A Daily Journal editorial
June 9, 2014
Parents could be kept in the dark about North Carolina charter schools’ finances and teachers’ performance if state lawmakers don’t make a stand for transparency and public accountability.
In a signal that the General Assembly may consider letting charter schools wiggle out of the disclosure requirements in place at traditional public schools, lawmakers in a Senate education committee took an open-government provision out of a charter reform bill last week. The bill would have decreed that charter schools are inherently subject to the state’s public records and open meetings laws.
Parents and members of the public can review charter school records and attend board meetings now as a matter of State Board of Education policy. The law that authorizes charter schools in North Carolina’s general statutes, however, is silent on whether the public’s open-government protections apply.
Republican state Sens. Jerry Tillman and Bill Cook introduced a charter school bill that would leave no room for debate or ambiguity. Charter schools, which receive public funding but are run by private nonprofit boards, would be subject to state sunshine laws. But the public transparency provision mysteriously disappeared in a substitute bill advanced Thursday in the education committee Tillman chairs.
A retired school administrator representing Moore and Randolph counties, Tillman has some explaining to do. He had it right the first time — schools that operate with public money should open their books to the public. As committee chairman, he could have blocked the substitute bill if he found it disagreeable. We urge him to restore the original open-government provision without delay.

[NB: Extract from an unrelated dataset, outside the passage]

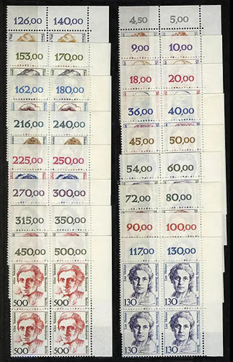 770ff Frauen 17 Werte, Eckrand-Viererblock oben rechts, Satz **

Charter schools are springing up throughout the Tar Heel State after lawmakers in 2011 lifted the cap limiting the number of charters to 100. As of Jan. 28, North Carolina had 127 charter schools in operation and dozens more in the works awaiting state approval.

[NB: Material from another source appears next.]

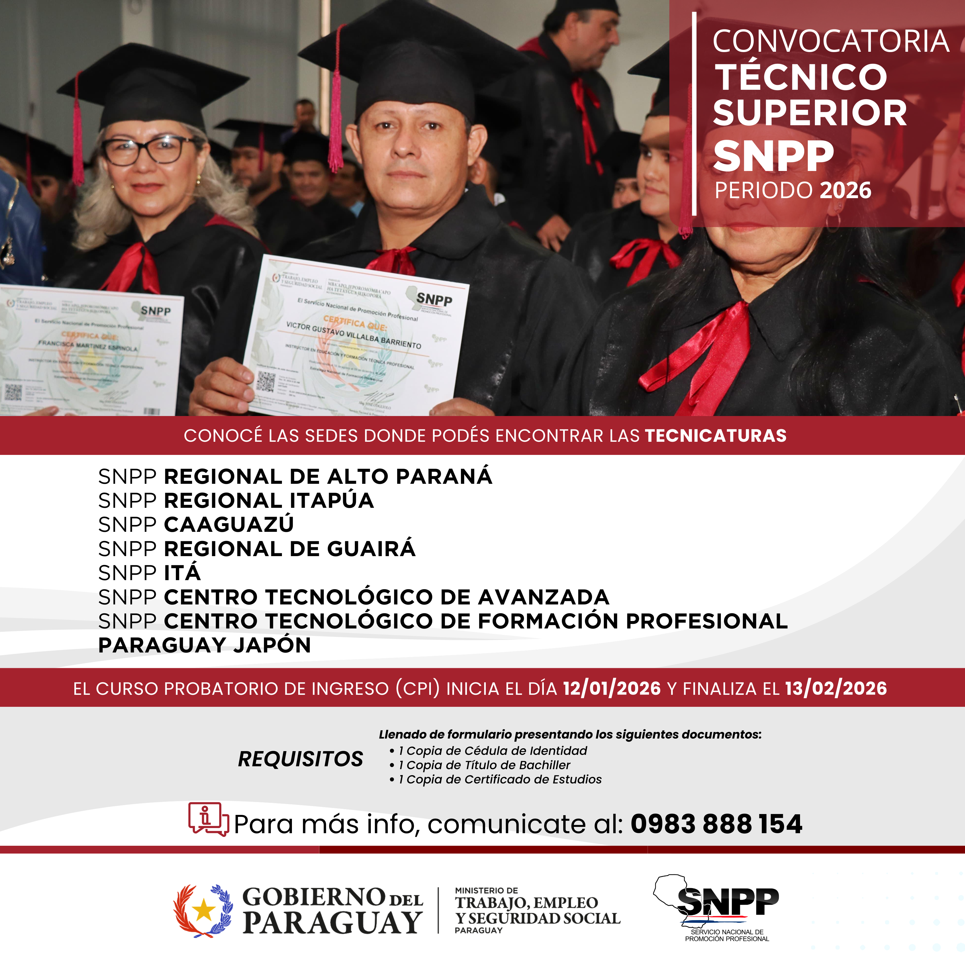 El Servicio Nacional de Promoción Profesional (SNPP) anuncia la apertura del periodo de inscripciones para el Curso Probatorio de Ingreso (CPI) correspondiente a la oferta de Programas Técnicos Superiores 2026. Las formaciones abarcan áreas como Mecatrónica, Electricidad Industrial, Electrónica Industrial, Gestión de Planta Industrial, Tic, Robótica, Administración, Mecánica Automotriz, Refrigeración, Diseño de Moda, entre otras. Estas acciones se ofrecerán en los departamentos de: Central, Alto Paraná, Caaguazú, Guairá e Itapúa reafirmando su compromiso con la formación de profesionales altamente capacitados y con las demandas actuales del sector productivo nacional.

Supporters say the schools provide families with alternatives to the state’s traditional public education system. Classroom seats are filled by lottery, and an application process tends to glean more studious students from households with more involved parents.
The governing bodies’ nonprofit status makes them more nimble, and charter schools are exempt from some of the rules county school systems must follow, lessening the regulatory burden and fostering innovation.
Charters remain controversial, however, as they receive state funds for each pupil enrolled and are not required to return the money to traditional public schools when a pupil withdraws or is kicked out. Some superintendents say charters take the money and dump students with learning difficulties or behavior problems back into county school systems.
If state lawmakers really want to tinker with the charter school statutes in the 2014 short session, that seems to us like an oversight they ought to correct. Money earmarked for an individual student’s education should follow that student. It’s a simple matter of fairness and common sense.
As for public accountability, the substitute bill as currently written wouldn’t exempt charters from open meetings and public records laws. Instead, it would let stand the present State Board of Education policy that requires charter schools to be transparent. That’s too tenuous an arrangement for us, as the state board could decide on its own to block public access.
Tillman’s bill also leaves the door open for lawmakers to make charter schools exempt from disclosure laws in the future. With General Assembly leaders who have proven hostile to open government in the 2013-14 session, charter-school parents have reason to worry.
Charters may be a different breed of public school, but they’re still the same animal. Taxpayers provide the bulk of their budgets. State law must make perfectly clear that we have the right to know what’s going on in each and every school our money supports.